Cada libro tiene un destino y, en mi opinión, aquellos que permanecen en la memoria de la gente son los que fueron concebidos sin un plan específico, más como las deudas emotivas que no nos dejan dormir o trabajar si no es para cumplir, con la palabra por delante, con la obligación de hacer memoria como se hacen sillas o levantan muros o se guisa un huevo por la mañana, y nada de eso es propio, nada de eso es para la gloria escandalosa que a nadie encumbra, salvo a las moscas que entrenan a sus hijos para esperar nuestros cadáveres. Este libro es de esos.
Un libro “para pensar en los demás”, me dijo un día un viejo que cenaba un tomate con jugo de naranjas agrias, “eso puede y va a hacer este muchacho” –cuando era muchacho– y eso ha venido haciendo, con la soltura cínica de quien sabe que aprender es robar sin desfalcar ni ser ojete.
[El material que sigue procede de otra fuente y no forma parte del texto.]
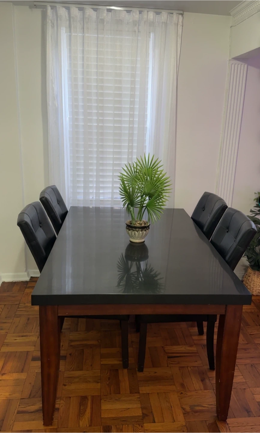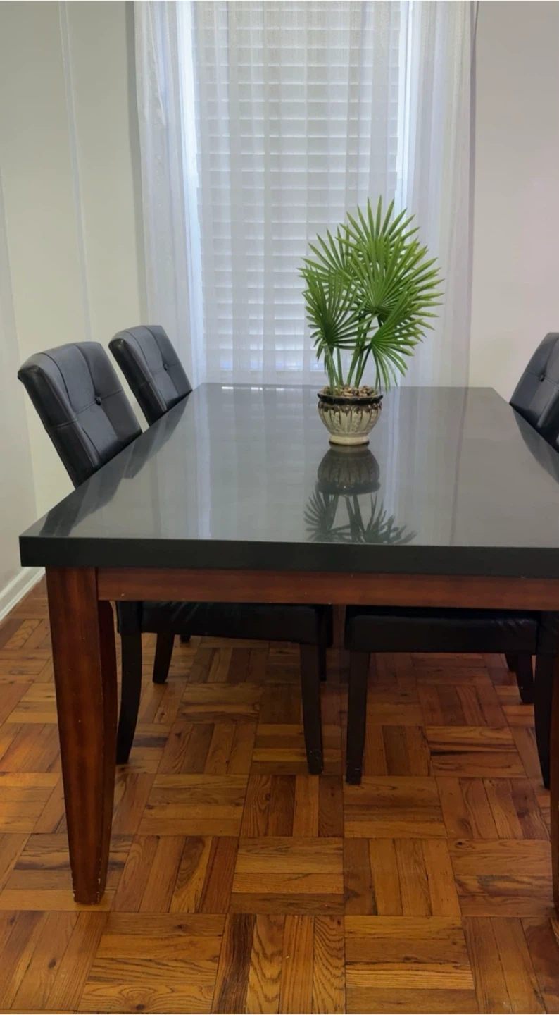 A dark-topped dining table with wooden legs, paired with six black leatherette chairs. Seats six comfortably. Perfect for family meals!

Por eso creo que El árbol de los frutos muertos es un libro que por voluntad voltea hacia atrás, porque para vivir se necesita saltar y sin impulso no se puede; Carlos Sánchez no requiere de permisos, él lo que ha ido amasando es una voz, y las voces con el tiempo maduran como los frutos (muertos o no), hechos para la boca aunque se pudran, hechos para dar otros frutos a pesar de la sombra de una abuela que hace mucho se ha ido.
Al final, como tantas mentiras circulantes, quienes digan que la poesía no debe o no busca narrar, habría que recordarles lo poco que eso le importa a la poesía. Aquí, en este árbol escrito que nos dice cosas en sucesión y con el tono intrigante que –seguramente– hizo que Laurita Garza decidiera disparar, hay una historia. Una más de esas que Carlos nomás no dejará de contarnos. Del dinero, de Camelia y los frijoles, un día sabremos algo.